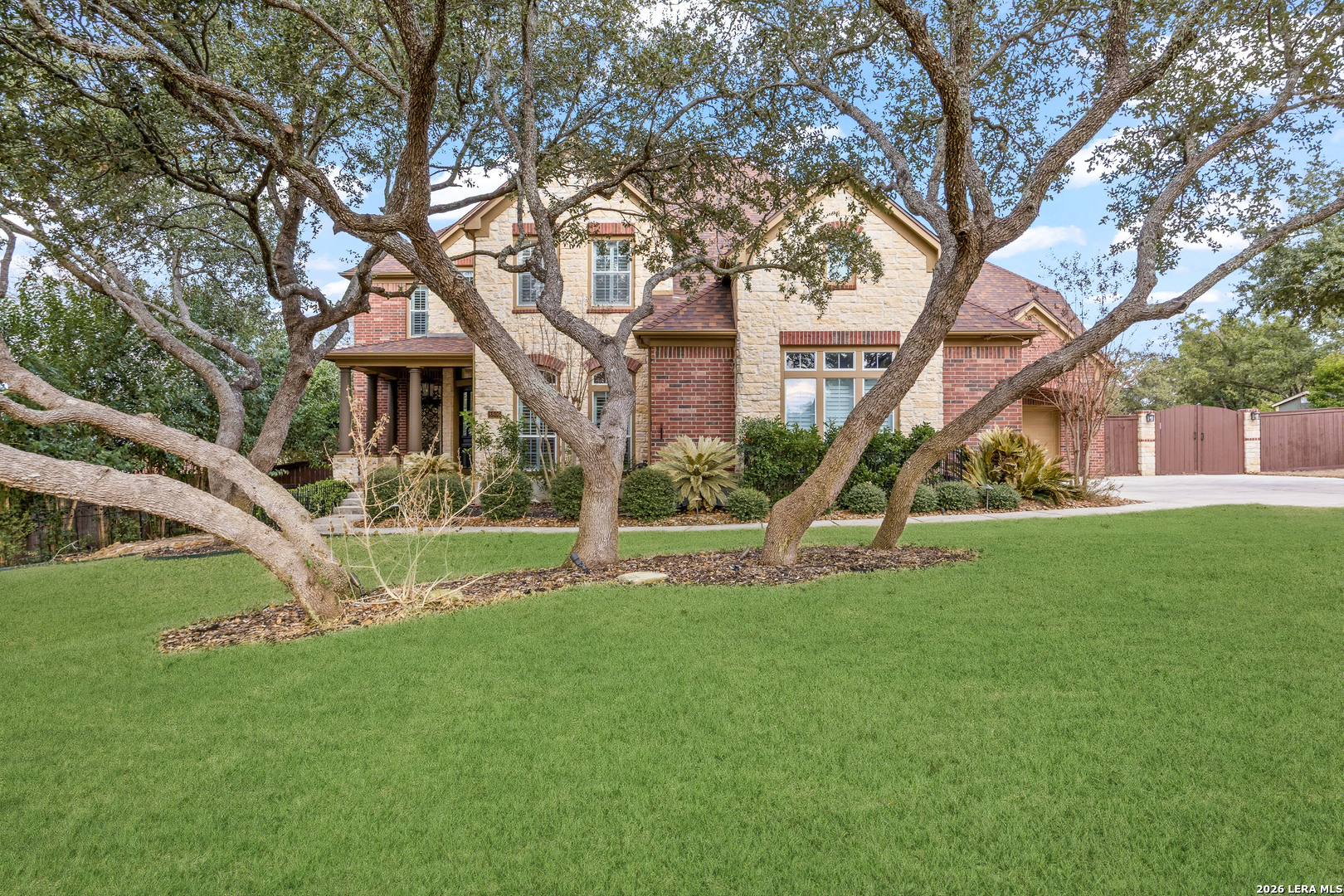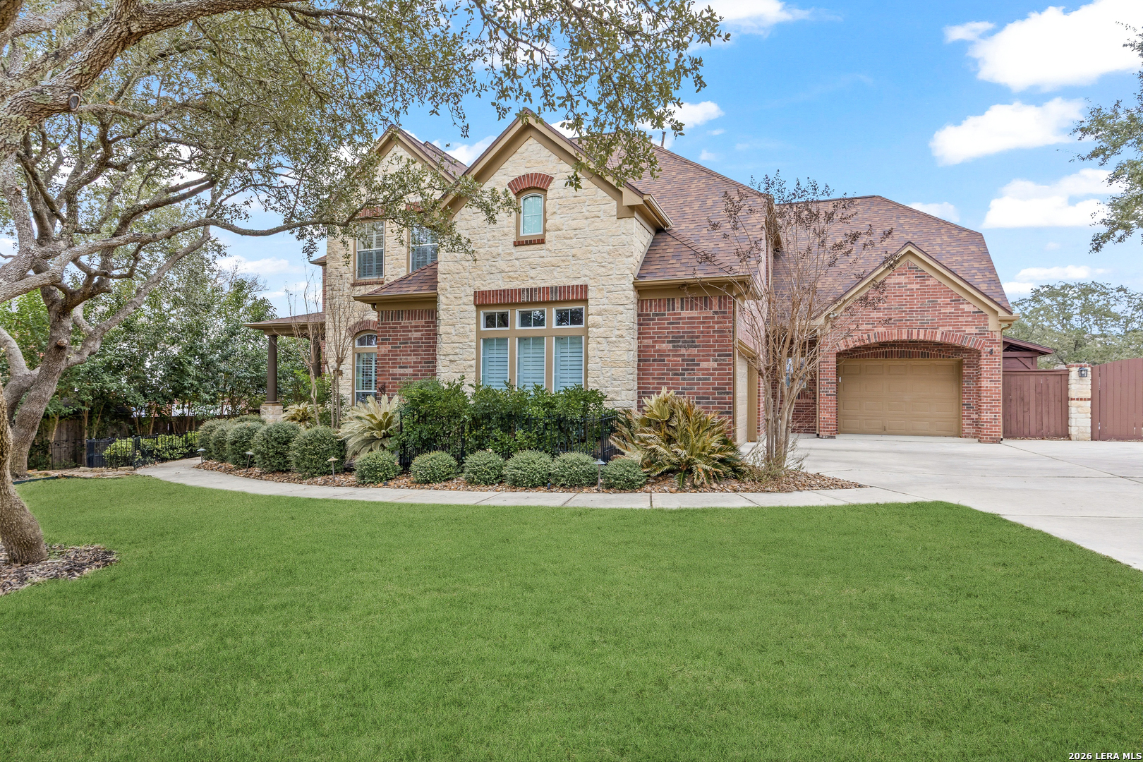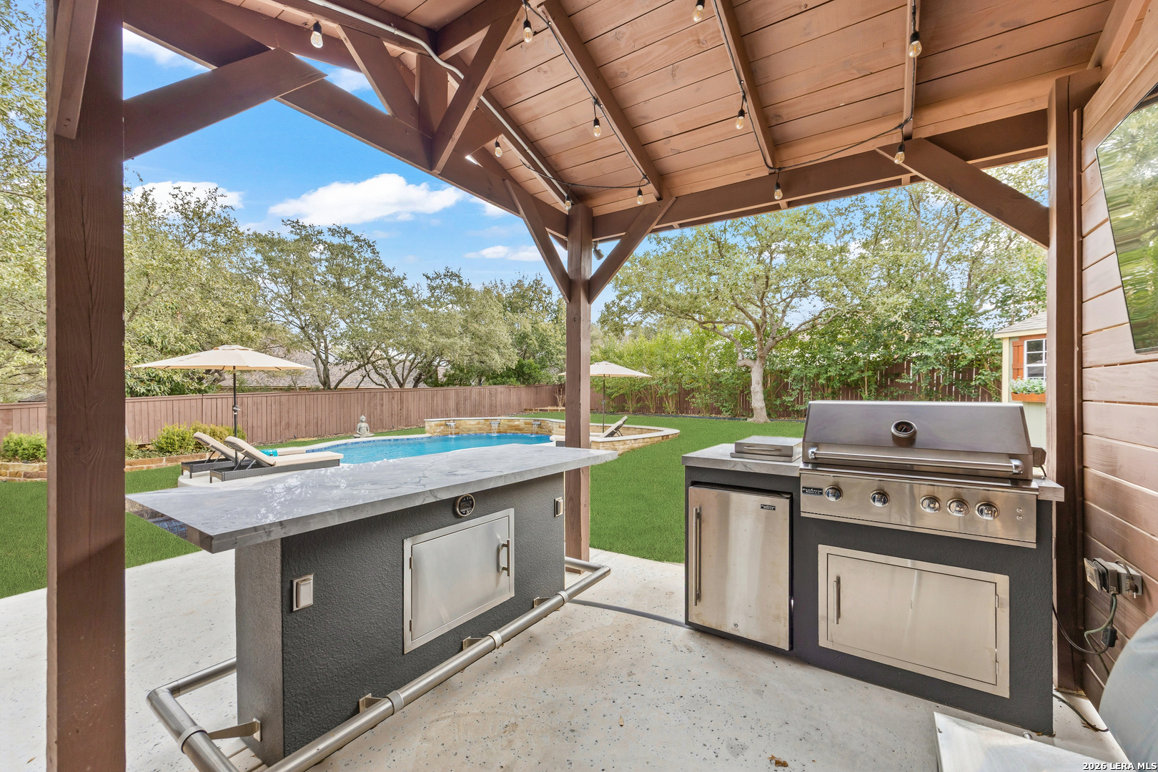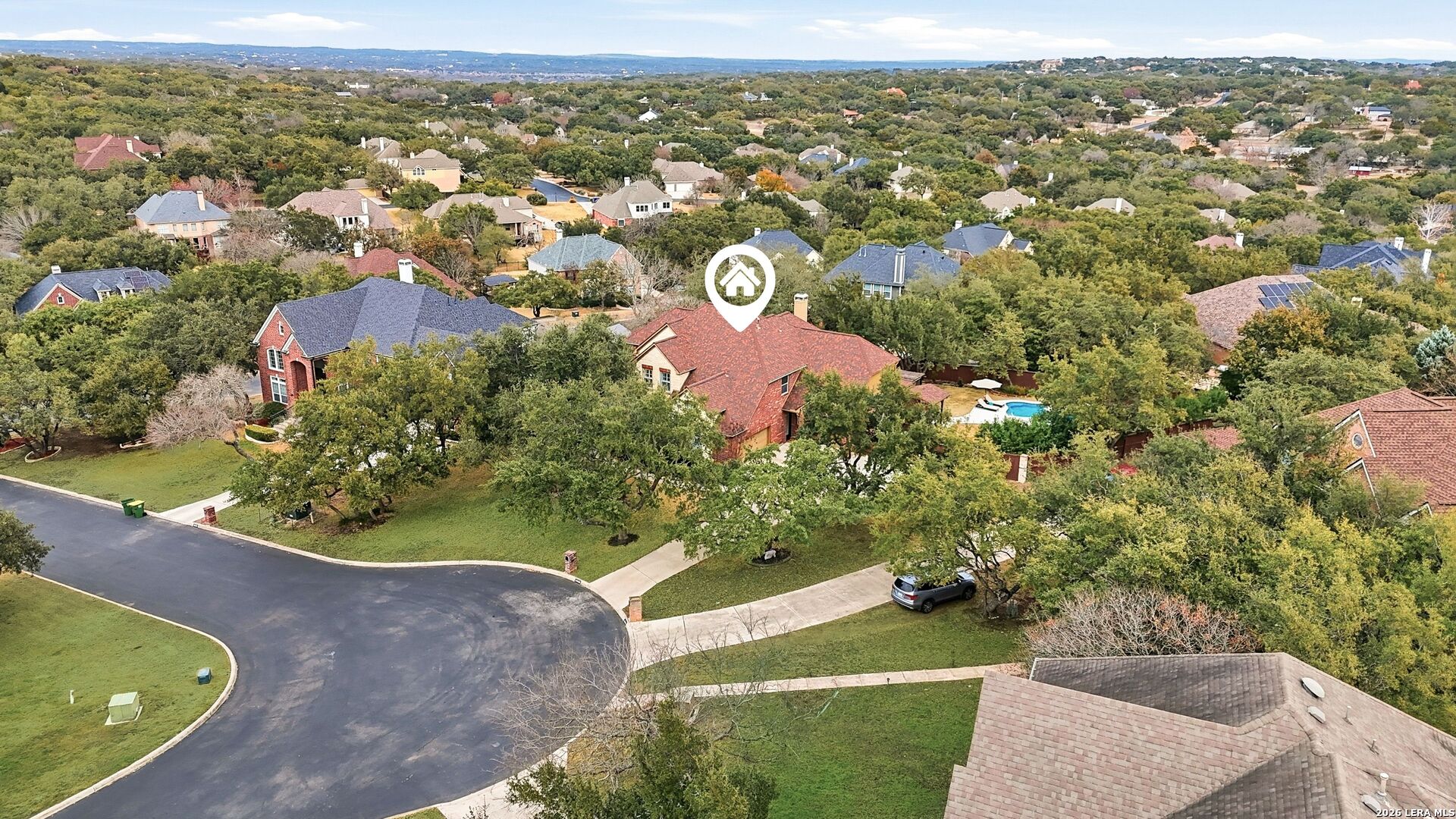 Nestled within the prestigious and tranquil community of The Woods at Fair Oaks Ranch, this impeccably maintained and thoughtfully updated residence offers a seamless blend of timeless elegance and modern luxury. Surrounded by mature trees and enhanced by classic plantation shutters, the home provides a private, welcoming retreat in one of the Hill Country's most desirable settings. At the heart of the home is a true chef's kitchen, beautifully designed for both everyday living and entertaining. Featuring ceiling-height custom cabinetry, a built-in coffee station with appliance garage, and premium Bosch appliances-including a microwave drawer, wall oven, dishwasher, refrigerator, and disposal-this space is as functional as it is stunning. A 36" six-burner Fulgor Milano range anchors the kitchen, complemented by an expansive granite island with pop-up electrical outlets and oversized storage drawers. Granite countertops and a marble backsplash extend into the butler's pantry, while a Kohler filtration system and walk-in pantry add convenience and thoughtful detail. Adjacent to the kitchen, the eat-in dining area is accented by a striking stone feature wall, creating warmth and architectural interest. Designed for effortless entertaining, the open-concept layout flows seamlessly into the main living areas. The living room showcases a dramatic stone fireplace, serving as a refined focal point. Brazilian cherry wood flooring enriches the study and formal dining area, currently styled as a sophisticated lounge. Additional enhancements include remote-controlled shades, Bali Roman shades, and a walk-in attic offering generous storage. The owner's suite is a serene sanctuary, highlighted by a spa-inspired bath with luxurious marble flooring. Upstairs, three spacious bedrooms, a built-in desk with bookshelves, a game room, and beautifully updated bathrooms provide ample space for work, relaxation, and play. Step outside to a private backyard oasis designed for year-round enjoyment. A brand-new heated pool, expansive covered patio, and newly constructed pergola create the ultimate outdoor entertaining space, complete with a built-in Paradise grill, TV, and refrigerator. Thoughtfully placed landscape lighting illuminates the mature trees and architectural elements, setting a stunning evening ambiance. Additional features include a third garage bay currently utilized as a mini gym and secondary home office (easily convertible back), a water softener, under-stair storage, and a full sprinkler system with drip irrigation for flower beds. A detailed list of recent upgrades-including new AC units, roof replacement, and more-is available in the additional documents. Ideally located in Fair Oaks Ranch, this home offers the best of Hill Country living with convenient access to upscale shopping, dining, and entertainment in Boerne and San Antonio. Residents enjoy scenic landscapes, miles of hiking trails, beautiful parks, top-rated schools, and membership opportunities at the renowned Fair Oaks Ranch Golf & Country Club. This exceptional home offers a rare combination of sophistication, comfort, and extensive modern updates-an extraordinary opportunity that must be experienced in person.
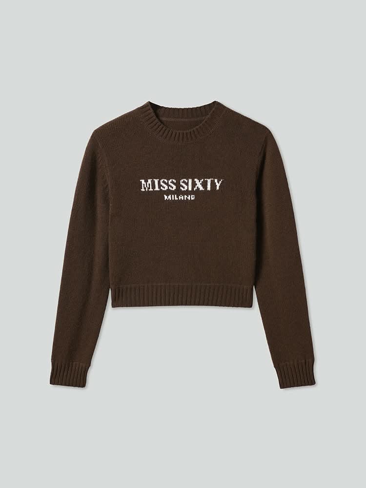 Crafted from premium sheep wool blended with cashmere, the fine, soft fibers give the fabric a plush and delicate feel, ensuring a skin-friendly and comfortable experience. The garment is lightweight and warm to the touch, providing effortless wear. The integrated knit jacquard lettering in contrasting colors adds a striking visual element, highlighting exquisite craftsmanship. The cropped design with a subtly cinched silhouette creates a flattering fashion-forward proportion. The ribbed cuffs offer a relaxed and easygoing vibe, completing the look with a sense of laid-back comfort.
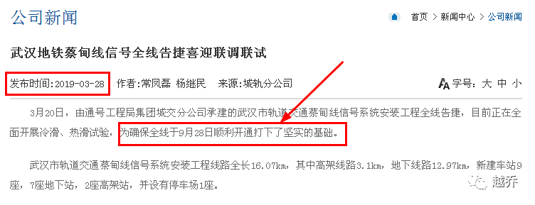 公众号【越乔】获悉,通号工程局集团有限公司网站新闻显示:3月20日,由通号工程局集团城交分公司承建的武汉市轨道交通蔡甸线信号系统安装工程全线告捷,目前正在全面开展冷滑、热滑试验,为确保全线于9月28日顺利开通打下了坚实的基础。
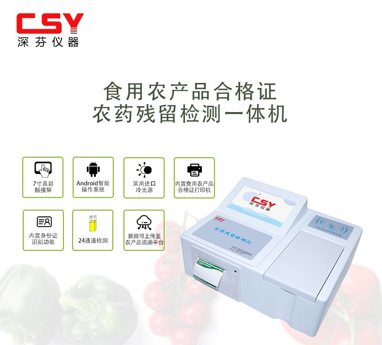 CSY系列農(nóng)藥殘留檢測儀推動了農(nóng)產(chǎn)品質(zhì)量快檢技術的發(fā)展,同時為消費者篩選了綠色安全有保障的食品,為社會的食品安全提供有力保障。
----------------------------------------
Would you please give the material above again, unchanged but without pictures?

YOUR SOLUTION:
 Nestled within the prestigious and tranquil community of The Woods at Fair Oaks Ranch, this impeccably maintained and thoughtfully updated residence offers a seamless blend of timeless elegance and modern luxury. Surrounded by mature trees and enhanced by classic plantation shutters, the home provides a private, welcoming retreat in one of the Hill Country's most desirable settings. At the heart of the home is a true chef's kitchen, beautifully designed for both everyday living and entertaining. Featuring ceiling-height custom cabinetry, a built-in coffee station with appliance garage, and premium Bosch appliances-including a microwave drawer, wall oven, dishwasher, refrigerator, and disposal-this space is as functional as it is stunning. A 36" six-burner Fulgor Milano range anchors the kitchen, complemented by an expansive granite island with pop-up electrical outlets and oversized storage drawers. Granite countertops and a marble backsplash extend into the butler's pantry, while a Kohler filtration system and walk-in pantry add convenience and thoughtful detail. Adjacent to the kitchen, the eat-in dining area is accented by a striking stone feature wall, creating warmth and architectural interest. Designed for effortless entertaining, the open-concept layout flows seamlessly into the main living areas. The living room showcases a dramatic stone fireplace, serving as a refined focal point. Brazilian cherry wood flooring enriches the study and formal dining area, currently styled as a sophisticated lounge. Additional enhancements include remote-controlled shades, Bali Roman shades, and a walk-in attic offering generous storage. The owner's suite is a serene sanctuary, highlighted by a spa-inspired bath with luxurious marble flooring. Upstairs, three spacious bedrooms, a built-in desk with bookshelves, a game room, and beautifully updated bathrooms provide ample space for work, relaxation, and play. Step outside to a private backyard oasis designed for year-round enjoyment. A brand-new heated pool, expansive covered patio, and newly constructed pergola create the ultimate outdoor entertaining space, complete with a built-in Paradise grill, TV, and refrigerator. Thoughtfully placed landscape lighting illuminates the mature trees and architectural elements, setting a stunning evening ambiance. Additional features include a third garage bay currently utilized as a mini gym and secondary home office (easily convertible back), a water softener, under-stair storage, and a full sprinkler system with drip irrigation for flower beds. A detailed list of recent upgrades-including new AC units, roof replacement, and more-is available in the additional documents. Ideally located in Fair Oaks Ranch, this home offers the best of Hill Country living with convenient access to upscale shopping, dining, and entertainment in Boerne and San Antonio. Residents enjoy scenic landscapes, miles of hiking trails, beautiful parks, top-rated schools, and membership opportunities at the renowned Fair Oaks Ranch Golf & Country Club. This exceptional home offers a rare combination of sophistication, comfort, and extensive modern updates-an extraordinary opportunity that must be experienced in person.
 Crafted from premium sheep wool blended with cashmere, the fine, soft fibers give the fabric a plush and delicate feel, ensuring a skin-friendly and comfortable experience. The garment is lightweight and warm to the touch, providing effortless wear. The integrated knit jacquard lettering in contrasting colors adds a striking visual element, highlighting exquisite craftsmanship. The cropped design with a subtly cinched silhouette creates a flattering fashion-forward proportion. The ribbed cuffs offer a relaxed and easygoing vibe, completing the look with a sense of laid-back comfort.
 公众号【越乔】获悉,通号工程局集团有限公司网站新闻显示:3月20日,由通号工程局集团城交分公司承建的武汉市轨道交通蔡甸线信号系统安装工程全线告捷,目前正在全面开展冷滑、热滑试验,为确保全线于9月28日顺利开通打下了坚实的基础。
 CSY系列農(nóng)藥殘留檢測儀推動了農(nóng)產(chǎn)品質(zhì)量快檢技術的發(fā)展,同時為消費者篩選了綠色安全有保障的食品,為社會的食品安全提供有力保障。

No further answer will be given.